“And you're not a farmer nor a judge of cattle. How are you to pass your time, I 'd like to know?”

“If there were books, or if there were people to talk to—”

“Mrs. Dudgeon's deaf,—she's been deaf these twenty years; but she has a daughter. Is Lizzy deaf?”

“Of course she's not,” rejoined my aunt, tartly.

“Well, she'd talk to you; and Dan would talk. Not much, I believe, though; he a'n't a great fellow for talk.”

“They 're something silent all of them, but Lizzy is a nice girl and very pretty,—at least she was when I saw her here two years ago.”

“At all events, they are distant connections of your mother's; and as you are determined to live on your relations, I think you ought to give them a turn.”

“There is some justice in that, sir,” said I, determined now to resent no rudeness, nor show offence at any coarseness, however great it might be.
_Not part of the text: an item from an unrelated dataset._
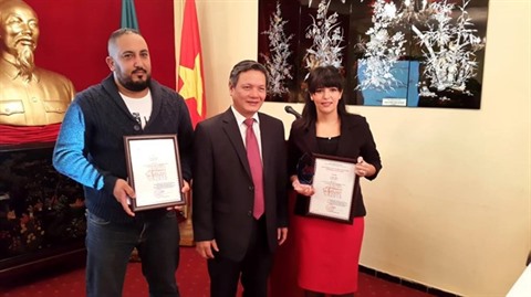 | L'ambassadeur du Vietnam en Algérie, Pham Quoc Tru (centre), remet le Prix national de l’information pour l'étranger du Vietnam à Aoura Racha (droite) et Ryad Abada, le 10 novembre à Alger. |
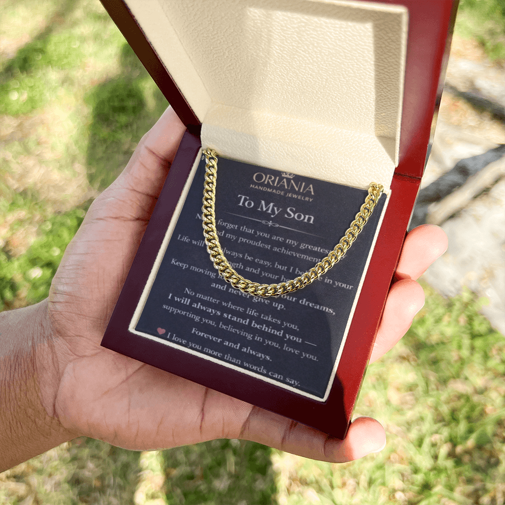 Give your son a timeless piece that reflects strength, confidence, and your unwavering pride. The Oriania Cuban Link Chain is more than a necklace — it’s a statement of love that lasts a lifetime. Crafted in polished stainless steel or 14K gold finish, with an adjustable fit for everyday wear, this chain is designed to elevate his style while carrying your message close to his heart.

“Well, then, I 'll write to-morrow, and say you 'll follow my letter, and be with them soon after they receive it. I believe it's a lonely sort of place enough,—Dan calls it next door to Greenland; but there's good air, and plenty of it.”

We talked for some time longer over the family whose guest I was to be, and I went off to bed, determined to see out this new act of my life's drama before I whistled for the curtain to drop.